Kolace

Cookbook

Ingredients

1 2/3 cups Roberts Half and Half, scalded
1 package active dry yeast
5 tablespoons sugar
1/2 cup warm water
3 Roberts Egg Yolks
1/4 cup shortening, melted and cooled
1 tablespoon salt
5-5 1/2 cups flour, sifted
1/4 cup Roberts Butter, melted
2 cups Fruit Filling

Preparation

Cool half and half to lukewarm. Meanwhile, soften yeast and 1 tablespoon sugar in warm water; allow to stand 5 minutes. Mix egg yolks, melted shortening, salt and remaining sugar with half and half; add yeast mixture. Gradually stir in flour until dough is smooth and can be lifted in a mass on a spoon.

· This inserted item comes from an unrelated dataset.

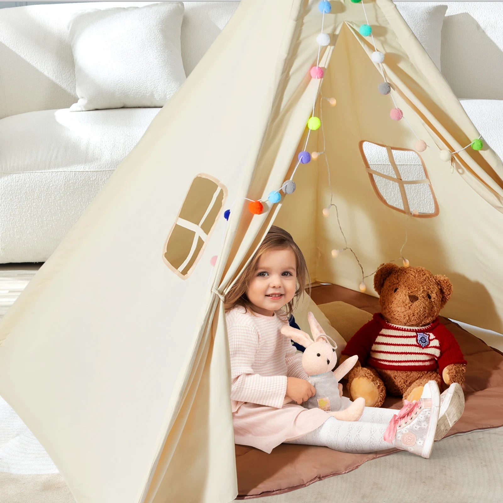 Beautiful & Practical Accessories: Our kids tent includes bonus plush decorative balls and a damp-proof mat. The plush decorative balls add a cute style and childish, and can be integrated into a variety of decorative styles. The mat provides additional comfort and protection for the tent.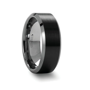 ARDEN Beveled Edged Tungsten Ring with Brushed Finish Black Ceramic Center - 6mm or 8mm

Keep dough as soft as can be handled; place in a buttered bowl, cover and allow to rise in a warm place until double in bulk. Stir down dough and allow to rest 10 minutes. Roll out dough on a floured surface to 1/3 inch thickness. Cut with a floured 2 1/2 inch round floured cutter; place on buttered baking sheets about 1 inch apart. Cover and allow to rise in a warm place until light, about 40 to 45 minutes. Press indentation in center of each roll. Brush rolls with melted butter and fill centers with Fruit Filling. Bake at 375° for 15 to 18 minutes, or until nicely browned.

Recipe Contributed By: Mrs. L. A. Snyder North Bend, Nebraska

Yield: 2 dozen

Special note: we no longer distribute eggs or margarine, but have left the recipes as originally printed to maintain their integrity.